Fonction struve - module scipy.special

Signature de la fonction struve

def struve(*args, **kwargs) 

Description

help(scipy.special.struve)

struve(x1, x2, /, out=None, *, where=True, casting='same_kind', order='K', dtype=None, subok=True[, signature])


    struve(v, x, out=None)

    Struve function.

    Return the value of the Struve function of order `v` at `x`.  The Struve
    function is defined as,

    .. math::
        H_v(x) = (z/2)^{v + 1} \sum_{n=0}^\infty
        \frac{(-1)^n (z/2)^{2n}}{\Gamma(n + \frac{3}{2}) \Gamma(n + v + \frac{3}{2})},

    where :math:`\Gamma` is the gamma function.

    Parameters
    ----------
    v : array_like
        Order of the Struve function (float).
    x : array_like
        Argument of the Struve function (float; must be positive unless `v` is
        an integer).
    out : ndarray, optional
        Optional output array for the function results

    Returns
    -------
    H : scalar or ndarray
        Value of the Struve function of order `v` at `x`.

    See Also
    --------
    modstruve: Modified Struve function

    Notes
    -----
    Three methods discussed in [1]_ are used to evaluate the Struve function:

    - power series
    - expansion in Bessel functions (if :math:`|z| < |v| + 20`)
    - asymptotic large-z expansion (if :math:`z \geq 0.7v + 12`)

    Rounding errors are estimated based on the largest terms in the sums, and
    the result associated with the smallest error is returned.

    References
    ----------
    .. [1] NIST Digital Library of Mathematical Functions
           https://dlmf.nist.gov/11

    Examples
    --------
    Calculate the Struve function of order 1 at 2.

    >>> import numpy as np
    >>> from scipy.special import struve
    >>> import matplotlib.pyplot as plt
    >>> struve(1, 2.)
    0.6467637282835622

    Calculate the Struve function at 2 for orders 1, 2 and 3 by providing
    a list for the order parameter `v`.

    >>> struve([1, 2, 3], 2.)
    array([0.64676373, 0.28031806, 0.08363767])

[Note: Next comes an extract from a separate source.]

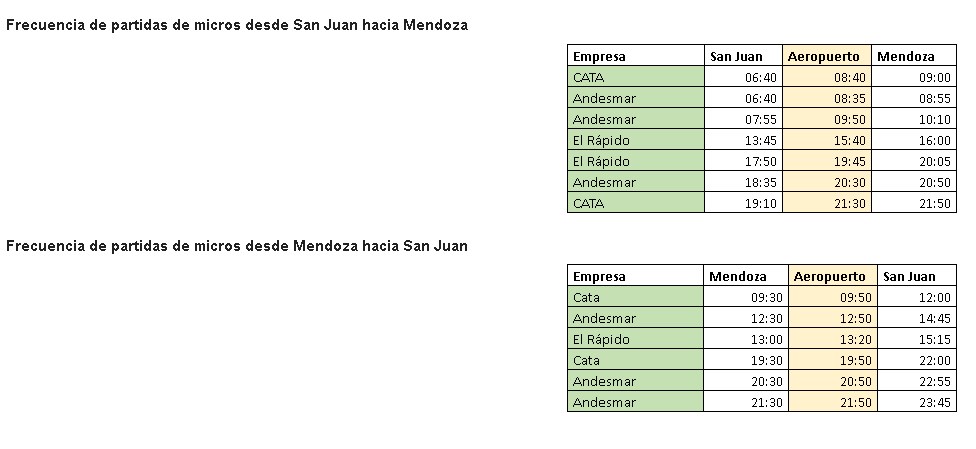 Cata ofrecerá un 20% de descuento; Andesmar y El Rápido brindarán un 10% de descuento en su tarifa habitual. Los micros saldrán desde la Terminal de Ómnibus de San Juan capital hacia el aeropuerto mendocino en los diferentes horarios de su grilla. Los pasajeros que deban tomar un vuelo en horarios por fuera de ellas, dispondrán de un servicio chárter de la empresa Andesmar que saldrá desde la terminal de micros de San Juan, a las 4 de la mañana.

    Calculate the Struve function of order 1 for several points by providing
    an array for `x`.

    >>> points = np.array([2., 5., 8.])
    >>> struve(1, points)
    array([0.64676373, 0.80781195, 0.48811605])

    Compute the Struve function for several orders at several points by
    providing arrays for `v` and `z`. The arrays have to be broadcastable
    to the correct shapes.

    >>> orders = np.array([[1], [2], [3]])
    >>> points.shape, orders.shape
    ((3,), (3, 1))

    >>> struve(orders, points)
    array([[0.64676373, 0.80781195, 0.48811605],
           [0.28031806, 1.56937455, 1.51769363],
           [0.08363767, 1.50872065, 2.98697513]])

    Plot the Struve functions of order 0 to 3 from -10 to 10.

    >>> fig, ax = plt.subplots()
    >>> x = np.linspace(-10., 10., 1000)
    >>> for i in range(4):
    ...     ax.plot(x, struve(i, x), label=f'$H_{i!r}$')
    >>> ax.legend(ncol=2)
    >>> ax.set_xlim(-10, 10)
    >>> ax.set_title(r"Struve functions $H_{\nu}$")
    >>> plt.show()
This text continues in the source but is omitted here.